Not smiling: and Work and Pensions Secretary Therese Coffey really won’t be, once it gets through to her that the public now knows her department has been taking the p*ss out of all the people it has killed.
This is typical of the DWP: in the week that the minister for disabled people promises the department is working to improve its response to benefit-related deaths, we find it has been destroying records of them.
Particularly interesting for This Writer is the fact that they were records dated before 2015 – a period that I inquired about in a Freedom of Information request that the Department refused to honour.
I had to force the government to issue what turned out to be a tragically limited response, via an order from the Information Commissioner’s Office.
All of the above suggests that Linda Cooksey, sister of DWP victim Tim Salter (who took his own life after being deprived of benefits in 2013), was right to say the Department has been trying to “cover up” the facts.
It seems the DWP has feebly tried to excuse itself with a claim that the destruction was necessary due to data protection requirements.

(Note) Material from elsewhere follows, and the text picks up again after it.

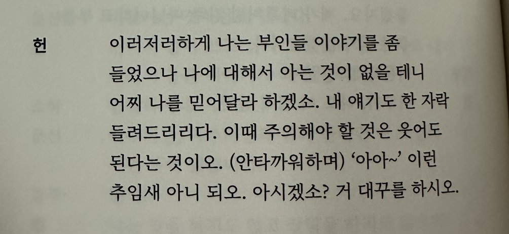 그때부터 조금 긴장을 풀고 신강수 배우님의 연기를 볼 수 있었습니다. 특유의 리듬감과 여유로움. 그리고 유머러스함이 너무 좋았습니다. 오랜 기간 홀로 별채에 방치되었으나 크고 맑은 영혼을 가진 헌이라는 존재가 꼭 눈앞에 있는 것만 같았습니다.

But the Information Commissioner’s Office (again) has made it clear that there was no need to destroy any documents by a particular date, and in any case they could have been made subjects of a “public interest” protection.
It is interesting to hear that Stephen Timms, chair of the Commons Work and Pensions Committee, said there was a “lack of seriousness” about “putting things right when they go wrong”.
Perhaps that explains why Justin Tomlinson (the afore-mentioned minister for people with disabilities) was caught smirking during a debate about the DWP’s failure to address these issues.
So we see that the DWP minister was making fun of everybody who has suffered at the department’s hands, and the Department itself is laughing at anybody who seriously expects it to change its ways.